_WORK REQUEST_
Leave every picture out, and give again exactly the lines from the one containing "In addition to" through the end of the listing.
--- AVAILABLE DATA Enclosed Below ---
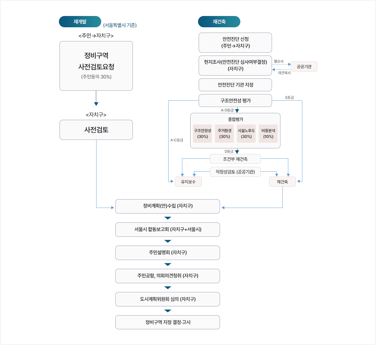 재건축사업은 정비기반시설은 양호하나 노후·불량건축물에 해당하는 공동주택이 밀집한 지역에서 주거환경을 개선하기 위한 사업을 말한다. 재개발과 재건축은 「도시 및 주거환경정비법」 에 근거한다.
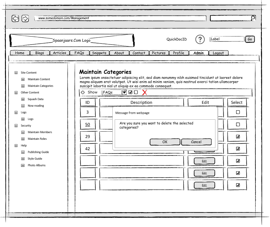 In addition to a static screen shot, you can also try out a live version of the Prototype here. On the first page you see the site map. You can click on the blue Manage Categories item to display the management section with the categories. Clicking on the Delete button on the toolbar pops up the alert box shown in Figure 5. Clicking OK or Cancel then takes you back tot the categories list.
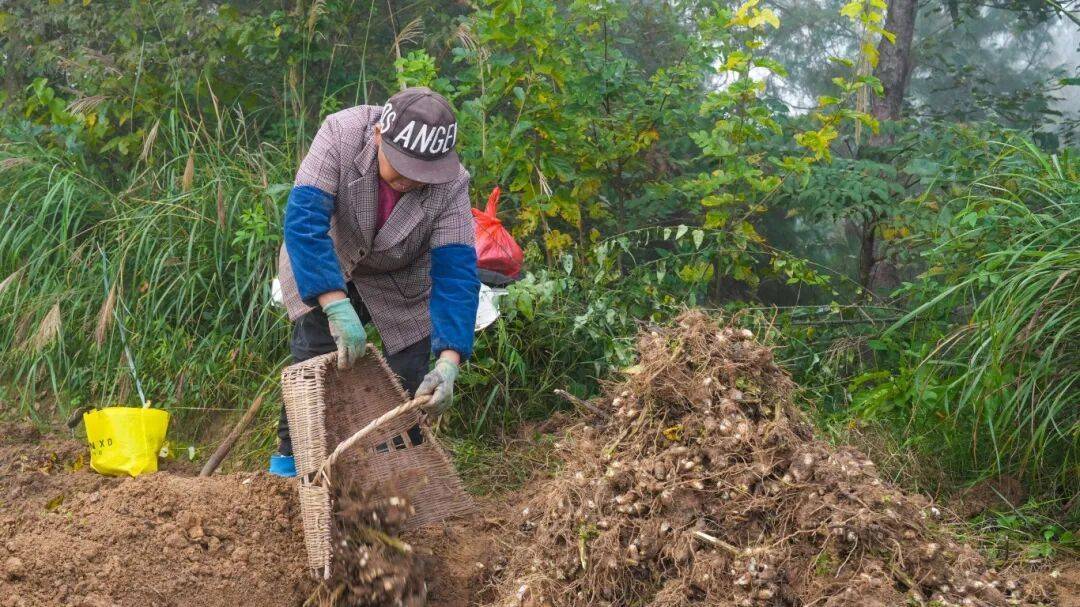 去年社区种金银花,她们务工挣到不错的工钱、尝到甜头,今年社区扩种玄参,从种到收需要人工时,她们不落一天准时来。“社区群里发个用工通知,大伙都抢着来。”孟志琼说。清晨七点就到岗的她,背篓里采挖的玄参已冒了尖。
--- End of Enclosed AVAILABLE DATA ---
_RESULT FOR THIS EXERCISE_
 In addition to a static screen shot, you can also try out a live version of the Prototype here. On the first page you see the site map. You can click on the blue Manage Categories item to display the management section with the categories. Clicking on the Delete button on the toolbar pops up the alert box shown in Figure 5. Clicking OK or Cancel then takes you back tot the categories list.
 去年社区种金银花,她们务工挣到不错的工钱、尝到甜头,今年社区扩种玄参,从种到收需要人工时,她们不落一天准时来。“社区群里发个用工通知,大伙都抢着来。”孟志琼说。清晨七点就到岗的她,背篓里采挖的玄参已冒了尖。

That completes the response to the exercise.